Dropping every picture, set down exactly the lines in the entries below, starting with the line with "13 octubre, 2020" and going on through the line with "お客さまWebサービスからご".

*** Begin section ***

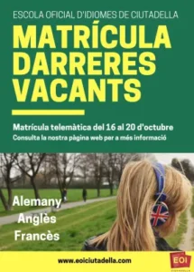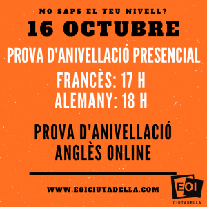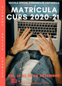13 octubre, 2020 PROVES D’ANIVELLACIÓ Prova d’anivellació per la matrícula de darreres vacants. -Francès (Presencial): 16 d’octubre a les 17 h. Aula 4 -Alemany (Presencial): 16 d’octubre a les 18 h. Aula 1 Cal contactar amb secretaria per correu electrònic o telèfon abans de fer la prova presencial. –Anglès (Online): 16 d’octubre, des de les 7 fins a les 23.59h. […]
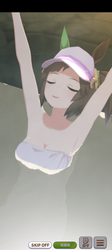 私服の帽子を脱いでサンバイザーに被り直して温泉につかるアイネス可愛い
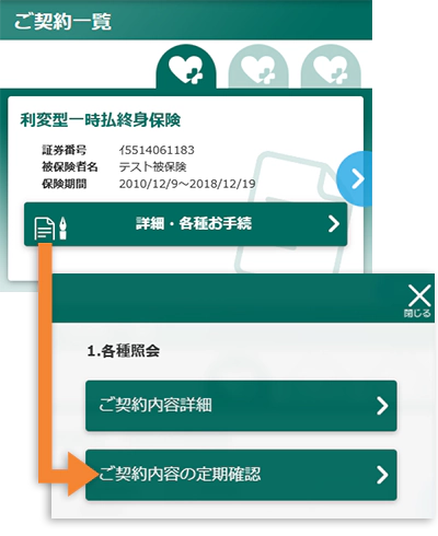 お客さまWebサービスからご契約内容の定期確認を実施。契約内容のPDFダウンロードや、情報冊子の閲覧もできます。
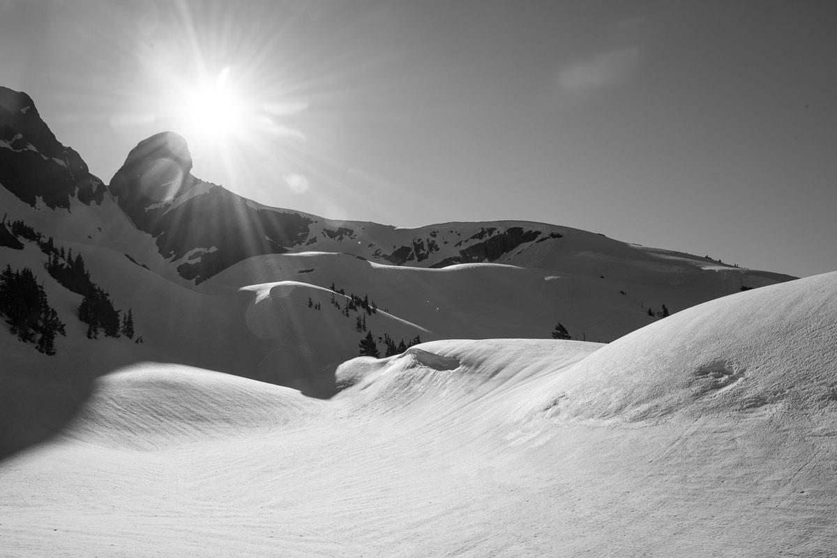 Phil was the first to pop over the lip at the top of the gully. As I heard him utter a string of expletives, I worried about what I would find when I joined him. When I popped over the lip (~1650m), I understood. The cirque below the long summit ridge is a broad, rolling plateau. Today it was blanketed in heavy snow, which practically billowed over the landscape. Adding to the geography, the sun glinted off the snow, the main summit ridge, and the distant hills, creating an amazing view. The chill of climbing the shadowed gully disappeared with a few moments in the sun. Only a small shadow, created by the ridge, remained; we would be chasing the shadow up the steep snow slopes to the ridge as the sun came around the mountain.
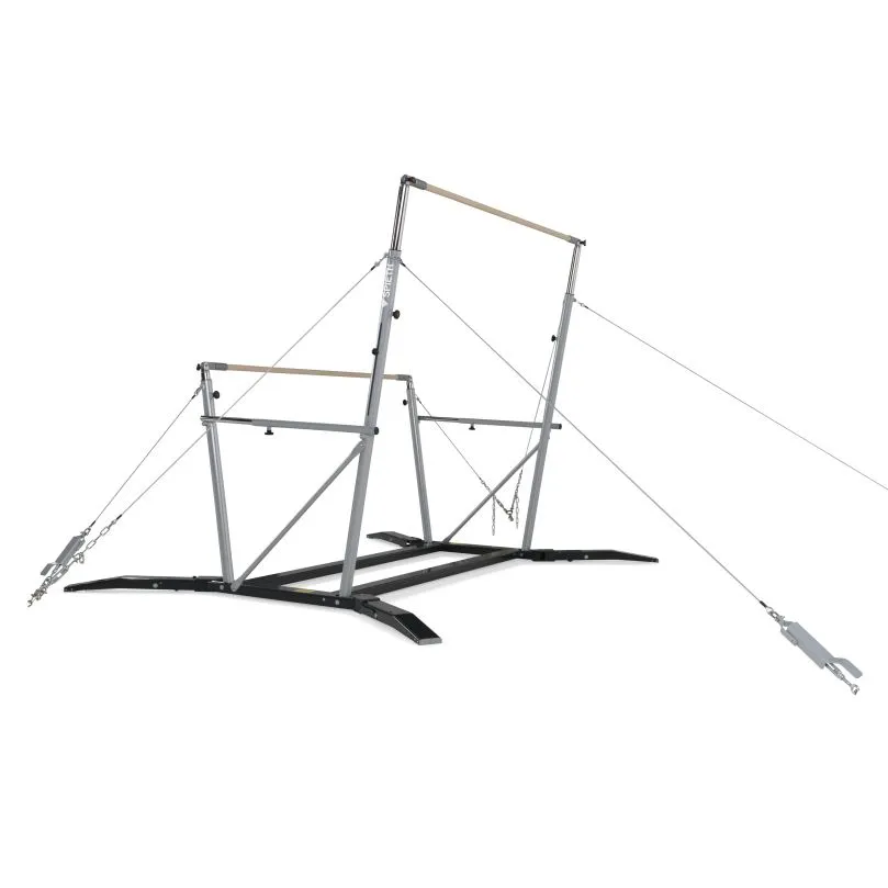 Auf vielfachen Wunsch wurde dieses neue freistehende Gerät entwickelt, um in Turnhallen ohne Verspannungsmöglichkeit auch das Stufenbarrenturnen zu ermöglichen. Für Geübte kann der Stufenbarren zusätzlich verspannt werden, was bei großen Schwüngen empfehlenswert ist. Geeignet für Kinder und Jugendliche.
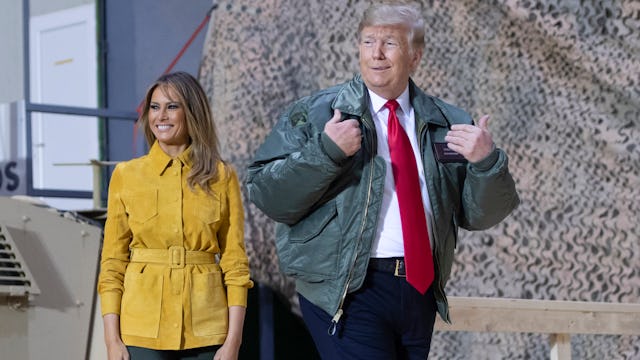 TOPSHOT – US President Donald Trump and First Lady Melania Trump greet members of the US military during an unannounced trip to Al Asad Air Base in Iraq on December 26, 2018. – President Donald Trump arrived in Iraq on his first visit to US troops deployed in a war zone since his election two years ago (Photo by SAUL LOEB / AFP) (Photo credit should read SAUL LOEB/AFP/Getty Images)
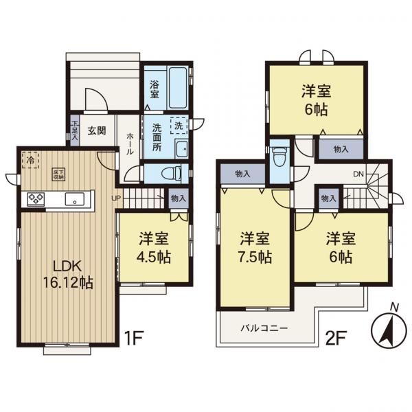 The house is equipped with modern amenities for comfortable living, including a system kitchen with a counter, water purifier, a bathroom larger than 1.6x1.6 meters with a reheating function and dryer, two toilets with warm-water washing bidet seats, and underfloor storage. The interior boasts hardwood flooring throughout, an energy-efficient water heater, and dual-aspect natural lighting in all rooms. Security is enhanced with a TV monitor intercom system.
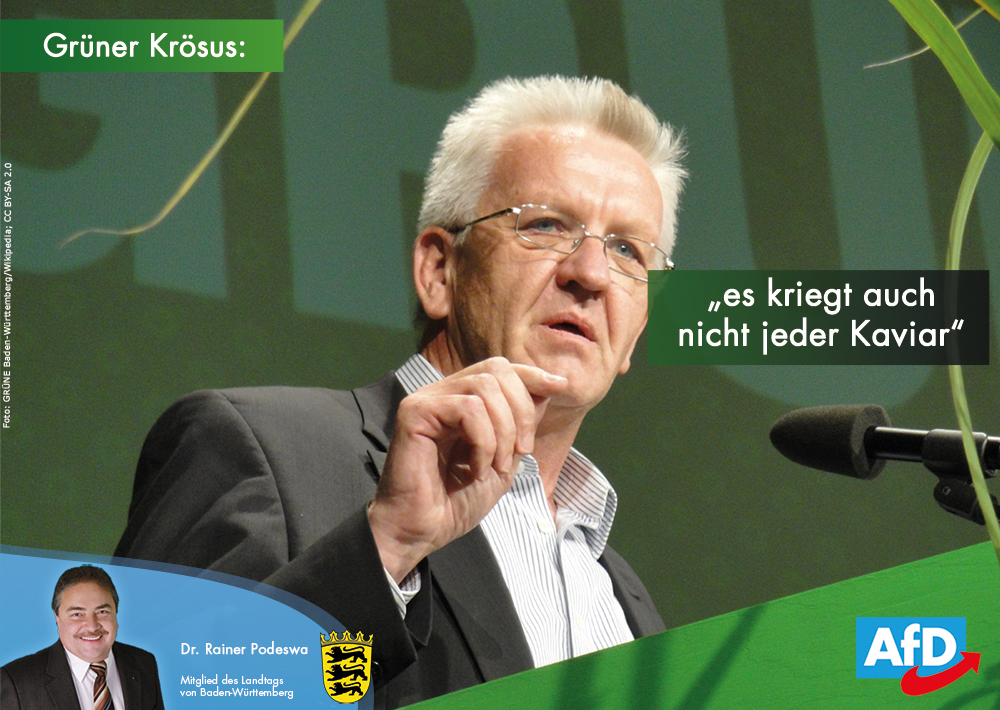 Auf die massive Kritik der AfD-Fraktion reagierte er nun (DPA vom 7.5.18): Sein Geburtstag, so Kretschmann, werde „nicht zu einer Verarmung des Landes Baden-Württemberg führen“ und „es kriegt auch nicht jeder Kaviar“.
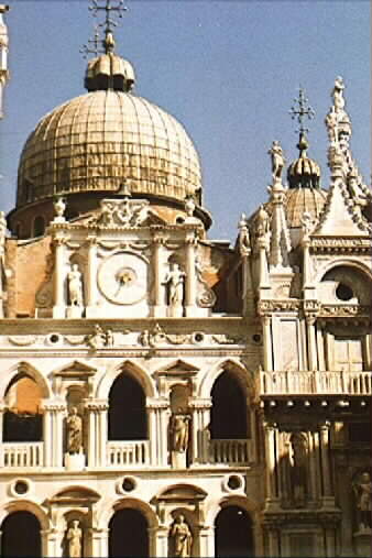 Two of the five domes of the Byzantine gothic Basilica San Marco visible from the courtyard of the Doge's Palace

*** End section ***
*** Begin section ***

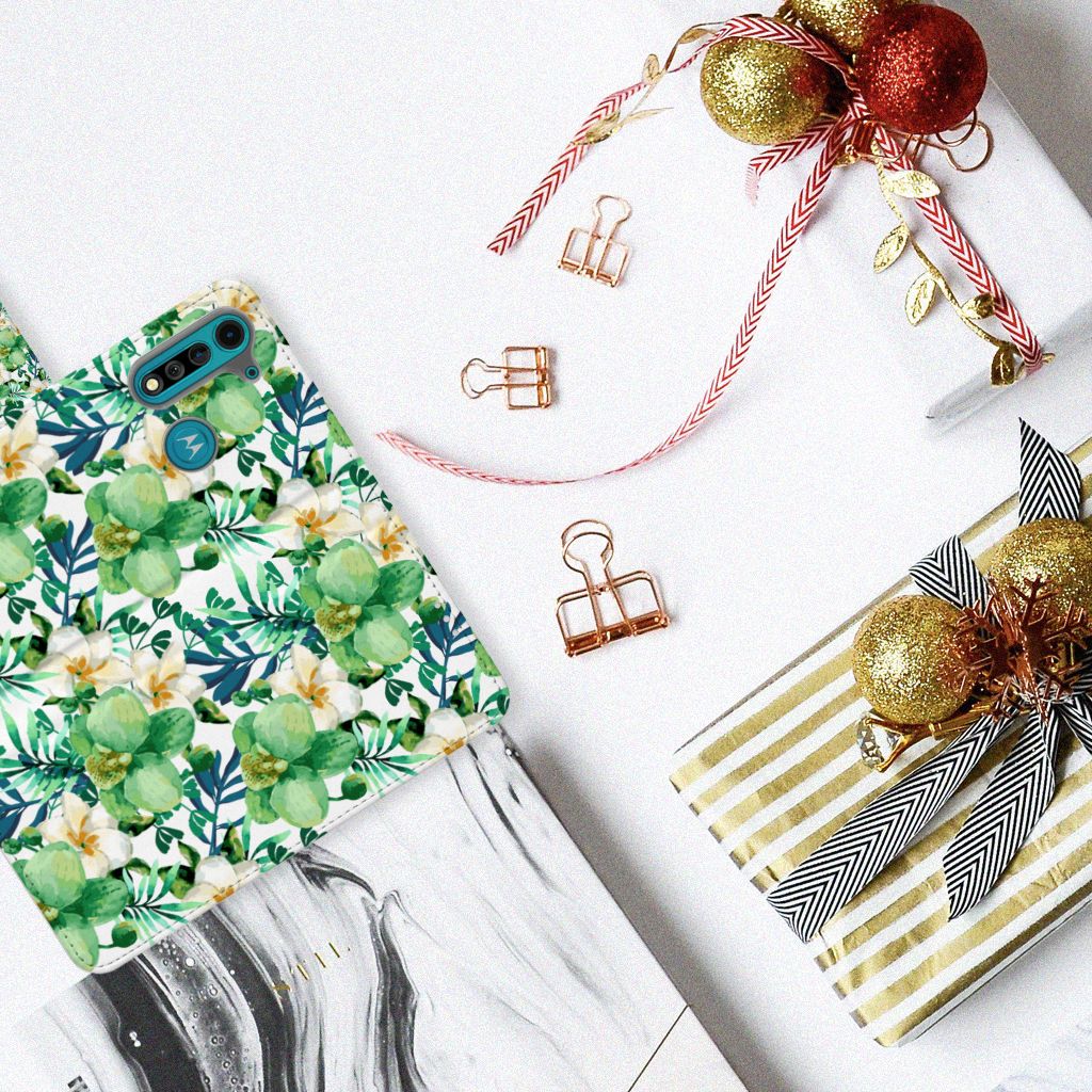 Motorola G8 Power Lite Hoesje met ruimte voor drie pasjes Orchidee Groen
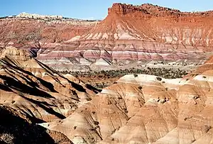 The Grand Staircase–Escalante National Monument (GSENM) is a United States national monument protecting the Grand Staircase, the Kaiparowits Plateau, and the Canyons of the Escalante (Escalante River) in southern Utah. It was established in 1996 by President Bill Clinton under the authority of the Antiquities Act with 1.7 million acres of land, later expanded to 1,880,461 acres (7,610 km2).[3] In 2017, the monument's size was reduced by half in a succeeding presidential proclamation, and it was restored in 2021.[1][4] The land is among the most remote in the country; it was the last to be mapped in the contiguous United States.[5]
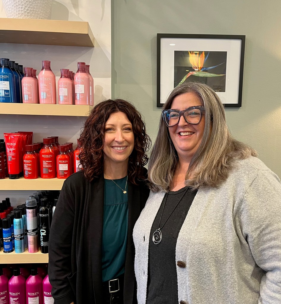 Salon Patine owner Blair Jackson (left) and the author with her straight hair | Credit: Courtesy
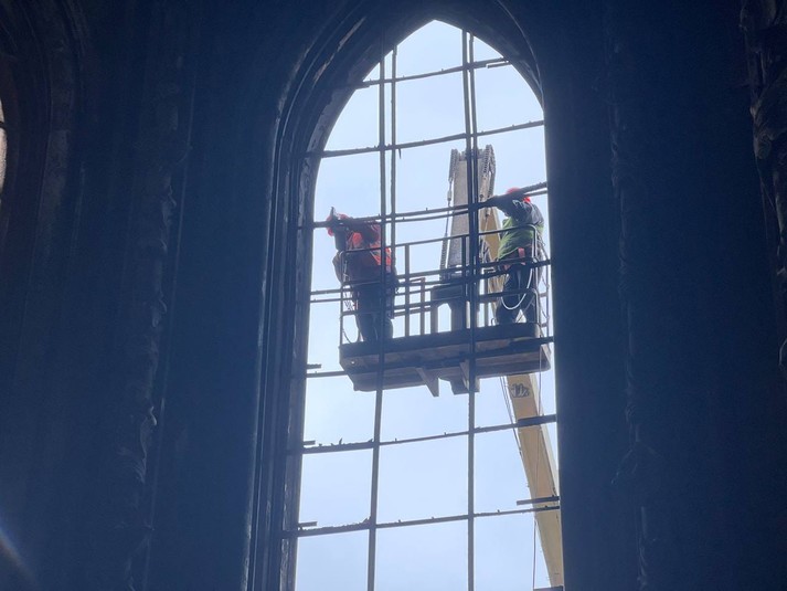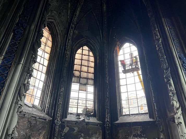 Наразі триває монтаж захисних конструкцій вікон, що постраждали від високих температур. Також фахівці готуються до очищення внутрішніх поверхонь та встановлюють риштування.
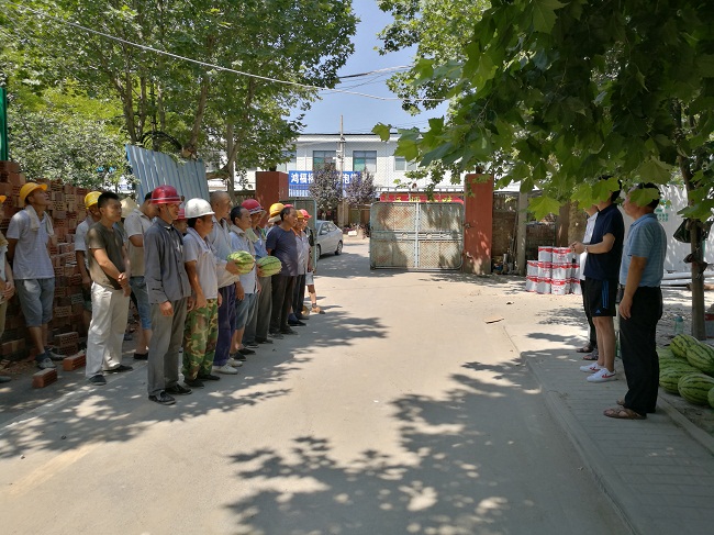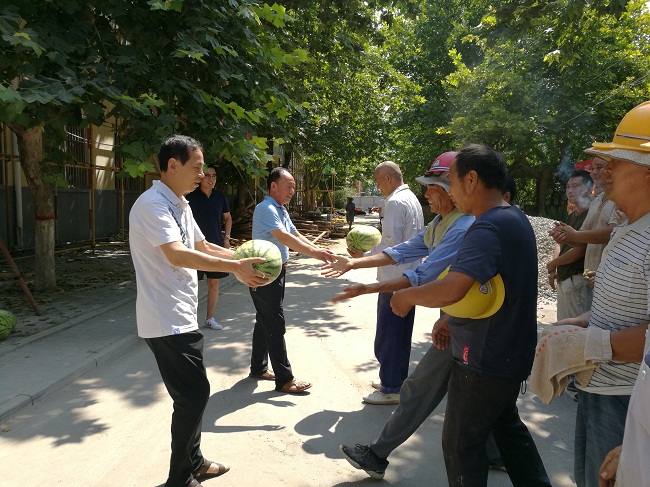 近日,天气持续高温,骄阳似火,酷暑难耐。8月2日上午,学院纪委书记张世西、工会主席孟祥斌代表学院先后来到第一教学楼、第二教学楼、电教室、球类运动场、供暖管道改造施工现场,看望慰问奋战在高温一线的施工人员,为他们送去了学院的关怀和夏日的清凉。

*** End section ***

(Solution to this task)
13 octubre, 2020 PROVES D’ANIVELLACIÓ Prova d’anivellació per la matrícula de darreres vacants. -Francès (Presencial): 16 d’octubre a les 17 h. Aula 4 -Alemany (Presencial): 16 d’octubre a les 18 h. Aula 1 Cal contactar amb secretaria per correu electrònic o telèfon abans de fer la prova presencial. –Anglès (Online): 16 d’octubre, des de les 7 fins a les 23.59h. […]
 私服の帽子を脱いでサンバイザーに被り直して温泉につかるアイネス可愛い
 お客さまWebサービスからご契約内容の定期確認を実施。契約内容のPDFダウンロードや、情報冊子の閲覧もできます。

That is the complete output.